Two other minor things to consider in terms of the validity of the design:
Can users (including celebrities) delete the tweet once it is sent out as part of their participation in the experiment? This would also affect the extent to which it has reach or engagement. If authors could report on whether this was possible (which I suspect it was, although recruited individuals may have had to agree to not delete the content after it was tweeted).
Finally, in an older version of the paper (NBER working paper, 2019), estimation of equation 3.3 was conditioned on a sample of individuals who followed at least 3 celebrities. It was not clear how this criteria was developed. I could not find this in the most recently updated version (2023).

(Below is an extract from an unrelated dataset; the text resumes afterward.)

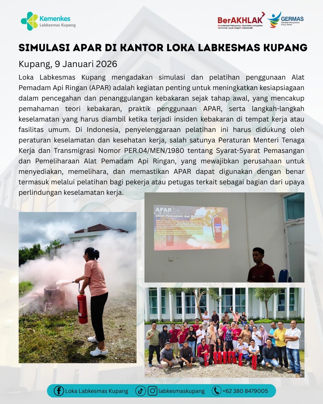 Loka Labkesmas Kupang mengadakan simulasi dan pelatihan penggunaan Alat Pemadam Api Ringan (APAR)...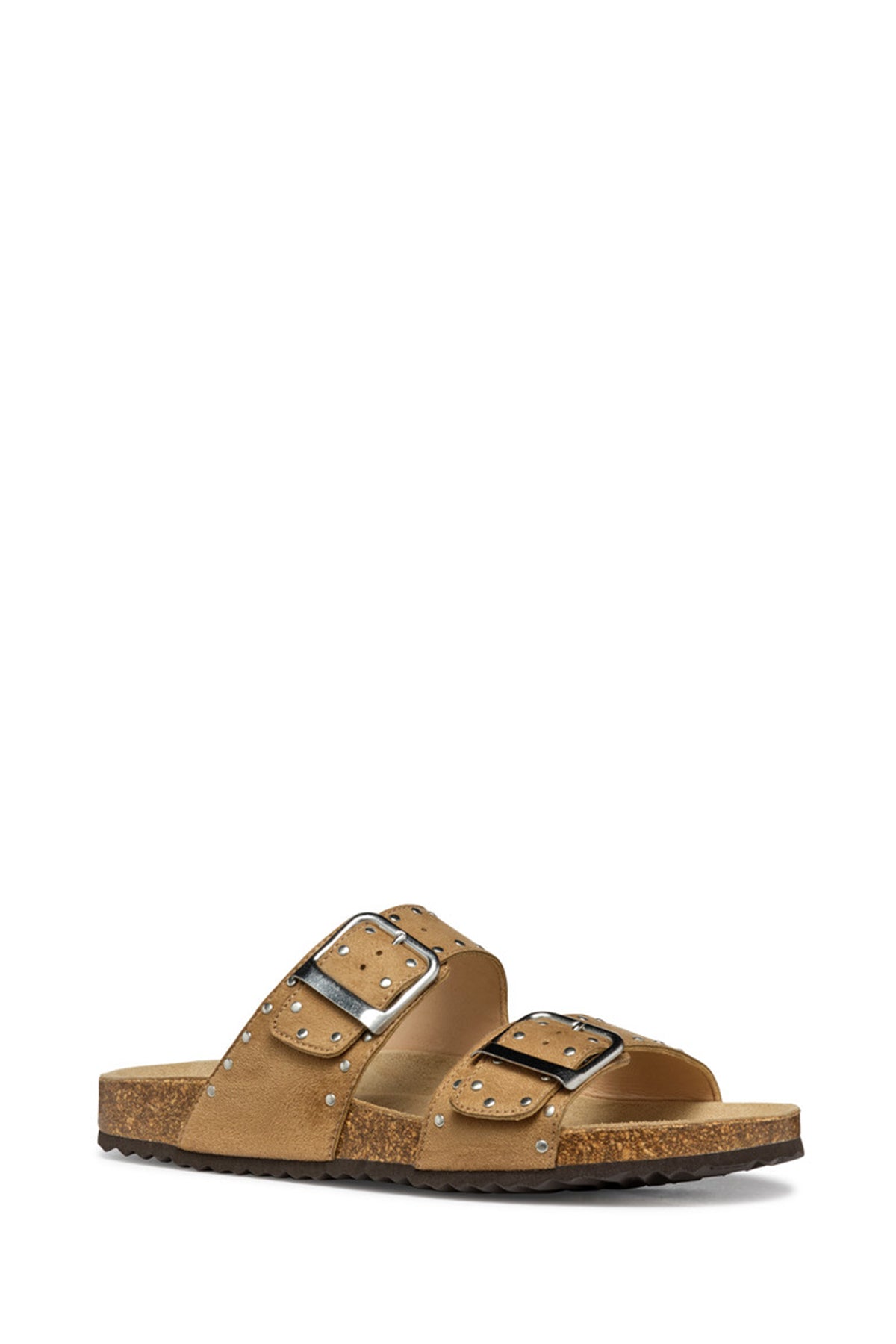 Geox Women Beige Brionia R Double Buckle Suede Leather Slippers

Overall, this paper offers important and critical information on effectiveness of public health messaging via social media. It also helps to disentangle important aspects of reach vs. engagement in social media, when those with power on these platforms send out messages, and precisely the channel through which one might expect diffusion. The offline sample results, although important from a public health outcomes perspective, are correlational in nature, and can be ideally put down as a supplementary part of the paper or bolstered with some secondary data on immunizations before and after the intervention.
How long have you been in this field?
I am 2 years post-doc, and have been working in applied microeconomics in a developing country context (India) since 2014, and have been working on health policy and communication (with a focus on behavioural science) since 2020.
How many proposals and papers have you evaluated?
For the Unjournal, I have been managing editor on one other evaluation, and have evaluated one other paper. As a peer reviewer, I have done about 25 papers, largely in the domain of health and applied economics. I am also currently Deputy Editor at South Asia Research, where I edit papers in economics.